I know that this page has been pink since the beginning of this blog, but now there's an extra special reason for it to be that color.

We just got back from the doctor's office a couple of hours ago. I had an amniocentesis done to make sure everything is ok with the little one. It looks good so far on the sonogram, so we are cautiously optimistic about the results on the 16th. We did find out what Bubba is going to be according to the good doctor, though.

Drum roll, please......

Her name is Katharina Alyona, and so far, she's doing wonderfully! We're calling her Katya for short.

I better make sure me & the Tsar have our running shoes on standby, because if what we saw on the sonogram is any predictor of our future, she's one hyper little thing. I'm amazed I haven't felt anything other than butterfly flutters yet, since it looked like she was Thai kickboxing in there!

We did get a couple of pictures, of course. I like the one that's a shot of her head from face-on. She looks like an alien!

The Tsar got to hear her heartbeat for the first time today, and he's already practicing lines for when Katya's teenage dates show up. The favorites so far are: "American prisons ain't #$%^ compared to Russian prisons, trust me, I know.....the Florida penitentiary system don't frighten me......you ever see a 45 with a laser sight, boy???" I'm sure there will someday be a reference to my past job with a police department and that I promised to help him hide the bodies real good, too.

I've got to take it easy for the rest of the day. That won't be difficult, since I feel like I got kicked in the tummy and it hurts to laugh. But tomorrow...I'm getting some of those cute Easter dresses on markdown for our little future beach bunny.

Peace, love, happiness, prosperity and chocolate chip cookies to all, and take care!

2006-05-02

How to Spot a Loser, Part 45

Maybe I'm being harsh, I admit.

If me & the Tsar have a little girl, I want her to see this site when she's older so she has an idea of who NOT to date. If we have a little boy, I want him to see it so he knows how NOT to come across as a desperate dweeb.

(No, we don't know yet, but will soon, and believe me, we'll post the results here ASAP!!!)

I have no idea if it actually worked or not.
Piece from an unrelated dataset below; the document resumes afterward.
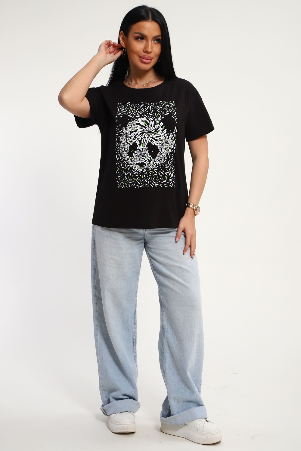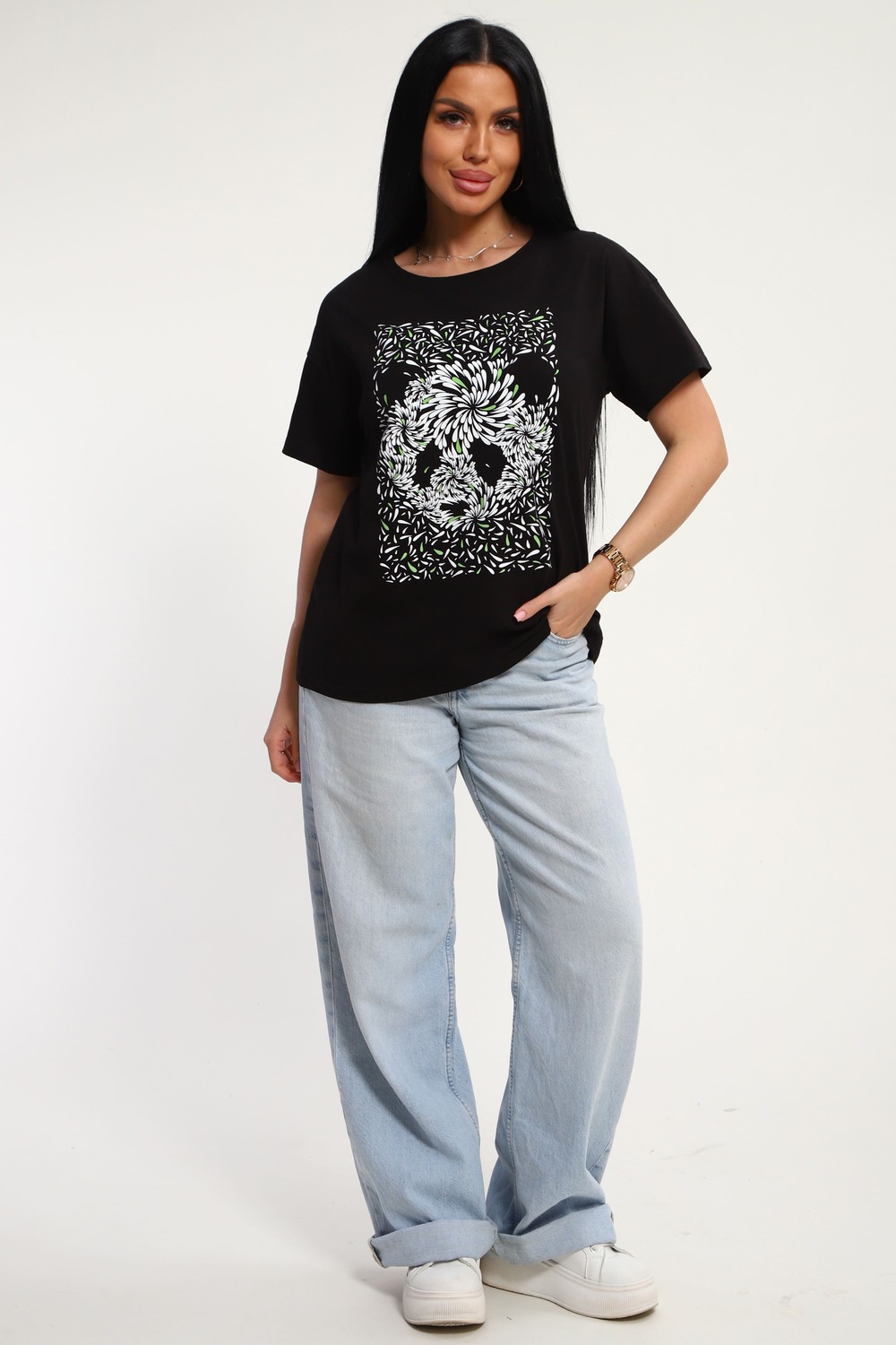 Футболка женская из гладкокрашенного трикотажа, хлопок 100%. Прямого силуэта, свободного облегания. горловина круглой формы. Рукав короткий. Низ изделия прямой. На полочке принт, шелкография. Цвет: черный; Материал: кулирка;кулирка; Состав: хлопок 100%.

All I know is, if you have to "sell yourself" this hard to a prospective sweetie, you are generally wasting your time and really should just move on.

Now Featured at the Alferd Packer Cafe!

Let's say that you are a cannibal, but, after going to PETA brainwashing sessions, you have decided to give up having your fellow humans for lunch (literally). However, you have begun to crave a slab of "long pig". You don't want to go back to your old Hannibal Lecter ways, since your new friends really wouldn't understand.

What do you do??

Before you break out the cutlery and start sizing up the neighbors, you might want to check out this site.

Note: there's no actual product for sale at this site, but you can get a t-shirt suitable for wearing to Pamela Anderson's house.

2006-05-01

Finally, My Dream Job!!

I'm not kidding....this really does sound damn good. If I wasn't expecting a little one soon, you damn straight I'd be applying for this job in the Keys! What's not to love?

But in the meantime, I have to celebrate "Day Without an Illegal Immigrant" by shopping, and maybe by seeing "United 93". Hope you are all enjoying this late spring/early summer day, wherever you are!